YOUR GOAL: Leave every picture out. Set down all the lines below exactly.

PROVIDED MATERIAL:
▼
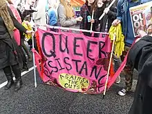 Hoy en día, el término ha adquirido un contenido fuertemente político y está vinculado en general a la disidencia sexual, especialmente desde los años noventa, cuando hubo una fuerte articulación, sobre todo en los países del norte, entre las luchas por las demandas por el reconocimiento de la identidad de género y la orientación sexual, y la respuesta de los Estados a la problemática relacionada con el VIH/sida. En 1990, el punto más alto en el reclamo por inversiones en políticas públicas de salud e investigación sobre el sida, se postuló la idea de una Nación Queer en el marco de la organización activista sobre el sida Act Up. Así, en el activismo por el HIV y sida, las políticas queer se dedicaron a combatir las instituciones productoras de estigmas como los medios y la educación, pero también la medicina y las políticas de salud que tienen a su cargo el control institucional de categorías sexuales. Además, «queer» es utilizado por muchas personas que no sienten una coherencia entre su sexo y el género que asumen socialmente y tampoco se identifican con un determinado género, ni se orientan sexualmente de forma continua, sostenida o exclusiva, hacia un género socialmente considerado «opuesto».[7]
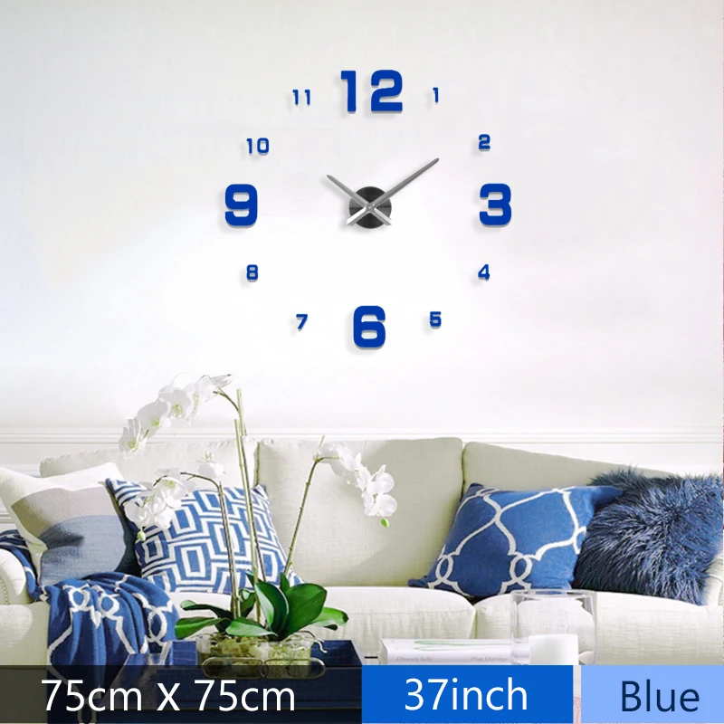 Fashion 3D Mediterranean style big size blue wall clock mirror sticker DIY brief living room decor meetting room wall clock
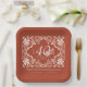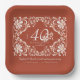 The wedding anniversary paper plate features a beautiful watercolor artwork of a white floral frame on a warm, earthy red background. The wording and numbers for milestone anniversaries (10, 20, 30, 40, 50, 60, 70, 80, or 90) can be customised easily. Personalising the plate with the names of the couple and their special date adds a personal touch to any dining table. Perfect for an elegant vintage or modern bohemian-style fall celebration, as well as anniversary gatherings throughout the year.
▲
RESULT OF THE EXERCISE:
 Hoy en día, el término ha adquirido un contenido fuertemente político y está vinculado en general a la disidencia sexual, especialmente desde los años noventa, cuando hubo una fuerte articulación, sobre todo en los países del norte, entre las luchas por las demandas por el reconocimiento de la identidad de género y la orientación sexual, y la respuesta de los Estados a la problemática relacionada con el VIH/sida. En 1990, el punto más alto en el reclamo por inversiones en políticas públicas de salud e investigación sobre el sida, se postuló la idea de una Nación Queer en el marco de la organización activista sobre el sida Act Up. Así, en el activismo por el HIV y sida, las políticas queer se dedicaron a combatir las instituciones productoras de estigmas como los medios y la educación, pero también la medicina y las políticas de salud que tienen a su cargo el control institucional de categorías sexuales. Además, «queer» es utilizado por muchas personas que no sienten una coherencia entre su sexo y el género que asumen socialmente y tampoco se identifican con un determinado género, ni se orientan sexualmente de forma continua, sostenida o exclusiva, hacia un género socialmente considerado «opuesto».[7]
 Fashion 3D Mediterranean style big size blue wall clock mirror sticker DIY brief living room decor meetting room wall clock
 The wedding anniversary paper plate features a beautiful watercolor artwork of a white floral frame on a warm, earthy red background. The wording and numbers for milestone anniversaries (10, 20, 30, 40, 50, 60, 70, 80, or 90) can be customised easily. Personalising the plate with the names of the couple and their special date adds a personal touch to any dining table. Perfect for an elegant vintage or modern bohemian-style fall celebration, as well as anniversary gatherings throughout the year.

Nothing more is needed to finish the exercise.